When does Section 122 expire?
Section 122 expires approximately July 24, 2026 — 150 days after Trump signed it on February 20, 2026 and 150 days from its February 24 effective date. Congress must act to extend it, and the President cannot extend it unilaterally. From April 21, 2026, that's roughly 94 days.
What is Section 301 and how is it different from Section 122?
Section 301 of the Trade Act of 1974 authorizes tariffs in response to unfair foreign trade practices. Unlike Section 122 (capped at 15%, time-limited to 150 days), Section 301 has NO rate cap and NO time limit. USTR initiated two new Section 301 investigations on March 11, 2026 — one targeting excess manufacturing capacity in 16 economies, one targeting forced labor in 60+ economies.
Which 16 economies are under Section 301 investigation?
China, EU, Mexico, Japan, India, Singapore, Switzerland, Norway, Indonesia, Malaysia, Cambodia, Thailand, South Korea, Vietnam, Taiwan, and Bangladesh. USTR initiated the excess-capacity investigation on March 11, 2026. Public comment closed April 15. Ambassador Greer has signaled an accelerated timeline to conclude before Section 122 expires.
Could tariff rates go higher under Section 301 than under Section 122?

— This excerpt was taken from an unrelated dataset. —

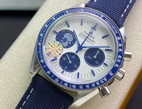 OS廠歐米茄史努比50周年款外錶更有藍色氧化鋯陶瓷錶圈,再加上測速刻度。還有錶殼,背部用的是獨特的鎖扣技術錶。OM廠所生產的這款腕錶,除了在外觀上就有著很多的優勢以外,它佩戴也特別舒適,因為它採用的是全新三珠鋼帶,戴上也很時髦,在錶扣上也有logo。圈口在後期盡量不要磕碰,畢竟它是陶瓷的材質,如果磕碰肯定會有經濟上的損失。
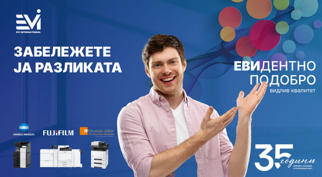 Во современото деловно опкружување, каде секоја минута е важна, компаниите имаат потреба од технологија која не само што функционира, туку активно го забрзува работниот процес. Токму затоа, ЕВИ Интернатионал Траде, со повеќе од 35 години искуство на пазарот, нуди мултифункционални решенија за печатење што се прилагодуваат на динамиката на бизнисите кои не застануваат. Притоа, добивате стабилност во работата преку брза и респонсивна сервисна поддршка и внимание за секој клиент.

Yes. Section 301 has no statutory rate cap. Legal analysts expect the resulting tariffs to be similar in scope to the invalidated IEEPA rates — which means country-specific rates above the current 10%, potentially 20–40%+ for countries like Vietnam, Cambodia, Bangladesh, and Thailand that previously faced IEEPA rates in that range.
What should importers do before July 24?
Plan for rates to stay at or above 10% after the sunset. Lock in pricing and contracts now, monitor USTR announcements weekly for preliminary findings, consider accelerating shipments if your lead times allow, and track Section 122 payments separately in case that authority is also struck down in ongoing CIT litigation. Use our scenario simulator to model cost impact.
Is Section 122 itself being challenged in court?
Yes. On March 5, 2026, 24 states filed suit in the Court of International Trade arguing Section 122 is not being applied 'consistently' as the statute requires. A separate business lawsuit followed March 9. The CIT held a hearing on April 10 and a ruling is pending. If Section 122 is struck down, importers who paid the 10% flat tariff after February 24 could be eligible for a second round of refunds — separate from the CAPE IEEPA refunds.